The ‘right’ way’s grief
Dear Mexican:
I’m not Mexican, but my son-in-law is. He is intelligent, bright, enthusiastic and pleasant to spend time with. He came here, illegally, at the age of 18 with his aunts. He and my daughter are married, have a 3-and-a-half-year-old son, and have gone through the entire process of filing papers and paying fees so he could enter the country legally. Last week, at the instruction of la migra, he went to Juarez, Mexico, to apply for his visa. He had his physical after waiting in line for nine hours. Then, on Wednesday, he stood in line for his 9:45 a.m. appointment from 7 a.m. until the consulate closed at 4 p.m. He was told to “come back tomorrow.” He showed up at 6 the next morning and was finally granted his interview.
One question that is asked in the interview is, “Have you ever used drugs?” Well, being the honest person he is and not ever wanting to be accused of lying, he answered truthfully, “Yes, I tried some with a friend about six months ago.”
It is from this experience that I have learned our own U.S. government doesn’t care about honest people—it just wants to appear “drug free.” He was told he was banned from the United States and to reapply in two-and-a-half years! My daughter is beside herself with grief. She cannot afford to pay for childcare without the help of her husband, so she will be forced to quit her job. My grandson believes his daddy doesn’t love him anymore or he would come home.

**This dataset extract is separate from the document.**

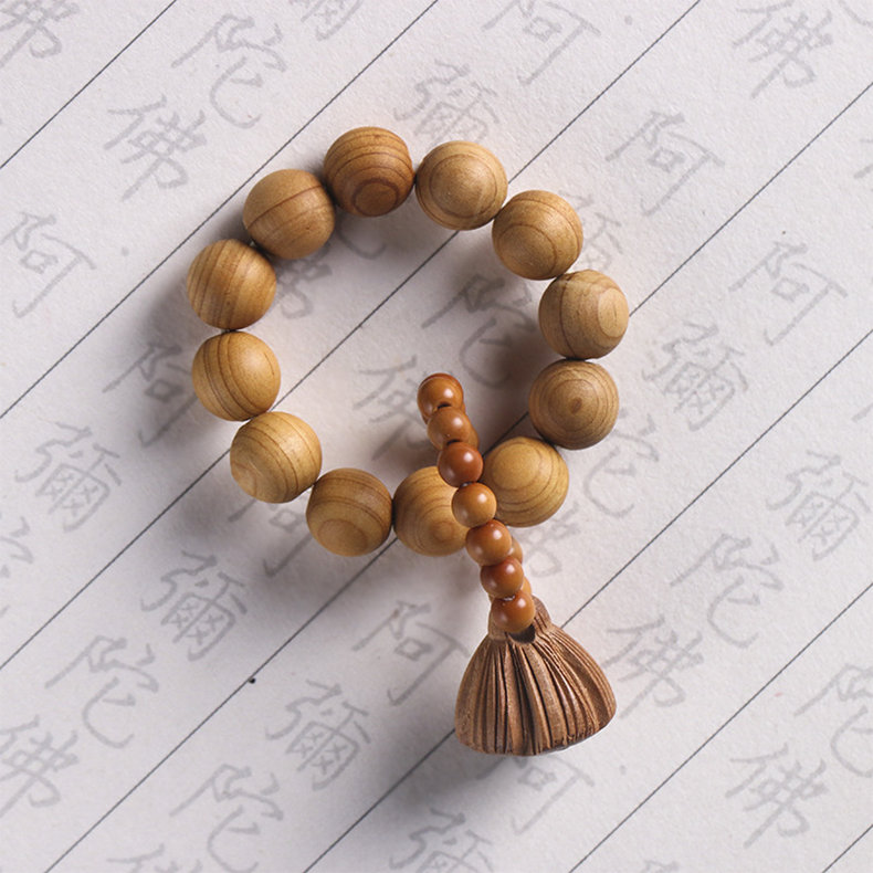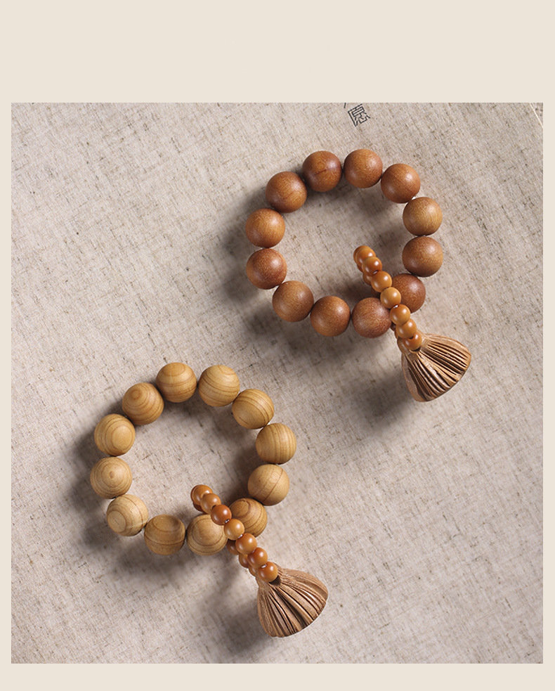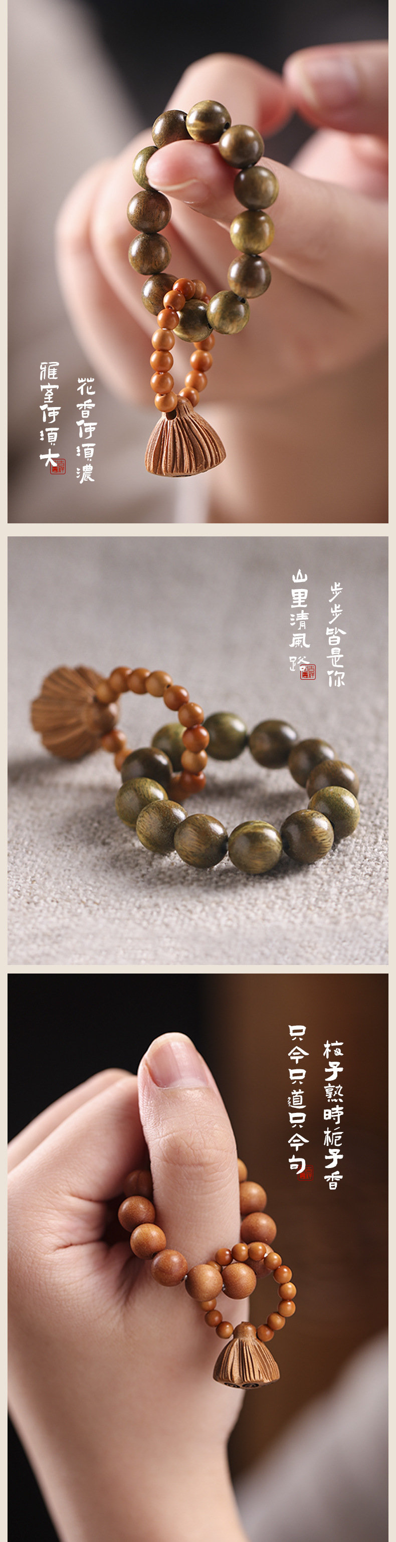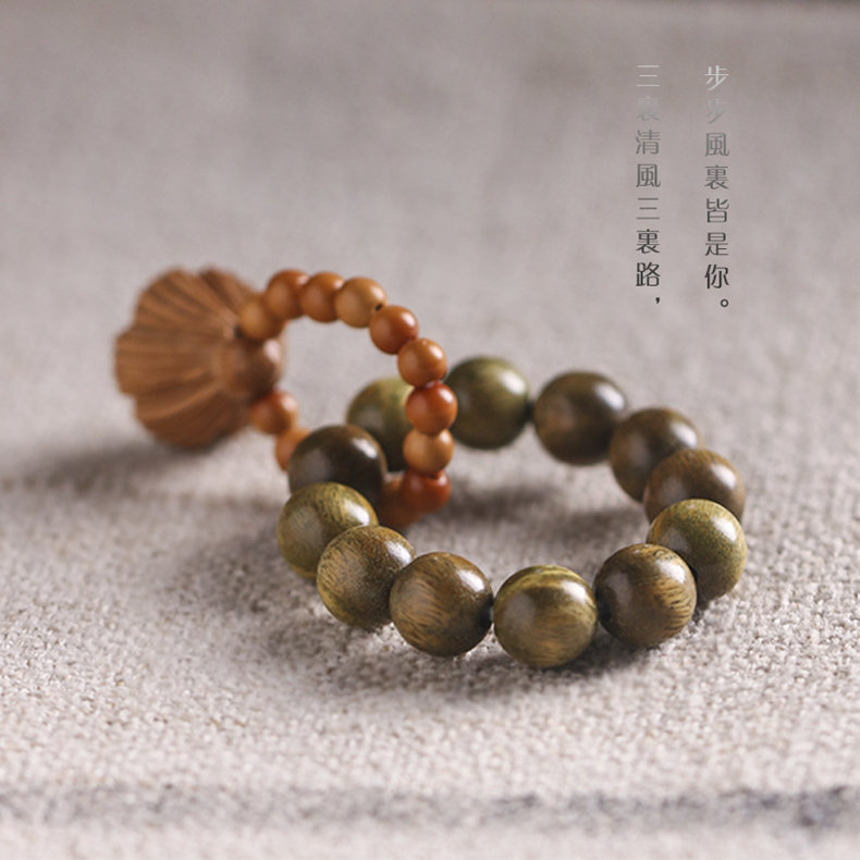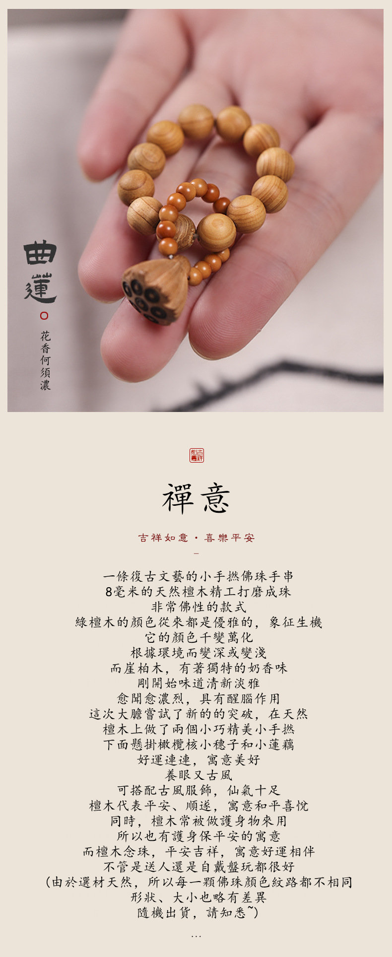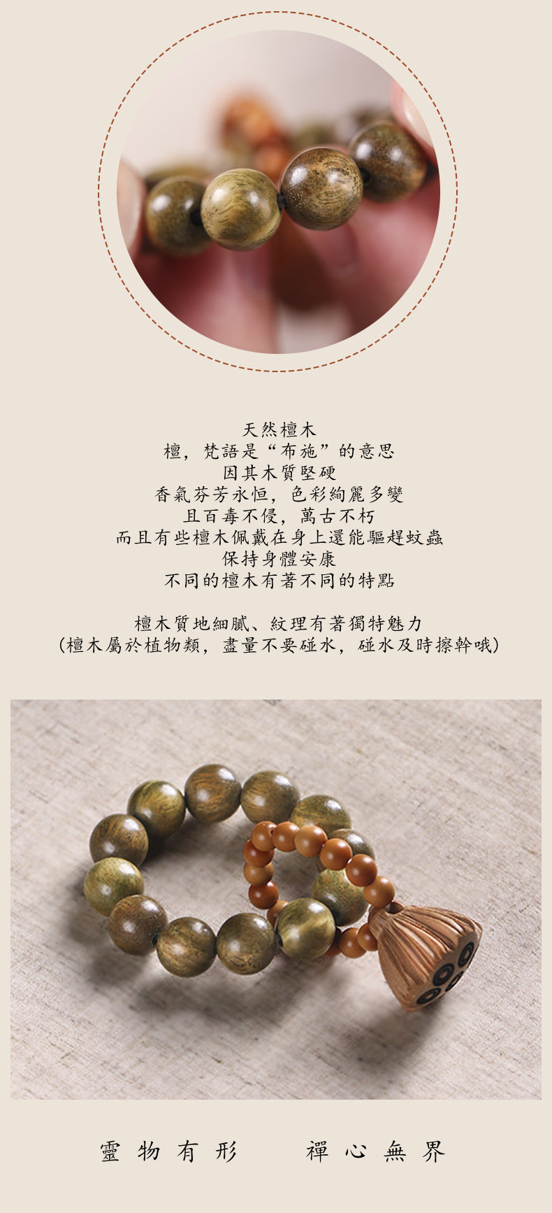 限時買一送二 | 天然崖柏檀香手撚佛珠 | 搭配蓮蓬掛飾 | 佛性悠長禪意十足天然綠檀崖柏檀香怡人清新手撚佛珠手串

And my son-in-law has learned this lesson: if you want to enter the U.S. legally, don’t admit to having done anything wrong—period.
My daughter and grandson now are in mental-health counseling, but their plan is to move to Tijuana where a family member owns a home they can live in. My daughter will commute to San Diego if she can find work. And for the next five years, while they go through the entire process over again, I will miss watching my sweet little boy grow up. I will miss having my only daughter and best friend with me, and I will miss having my loving son-in-law here where he belongs with his family.
I’ve written to my senators asking for intervention, and I’m going to get an appointment to see an immigration lawyer, but I’m not terribly confident. Do you hold out any hope for them at all?
—Grieving Grandma
Dear Gabacha:
Ever hear that canard by Know Nothings that Mexicans don’t want to enter el Norte the “right” way? Your yerno is exhibit número uno on why we don’t. Throw in the stupidity of the drug war, and coming into this country legally is more unjustly harder than trying to get your tía to write her tamale secrets down in recipe form. Honestly, the best thing for your son-in-law is to cross over illegally, as undocumented folks nowadays seem to have more protection than those who try to do it the right way—and while I have no problem with that whatsoever, how fucked up is that we’ve come to this? Wait, that came off very conservative, so let me save my Aztlanista reputation: ¡A la chingada con murrieta!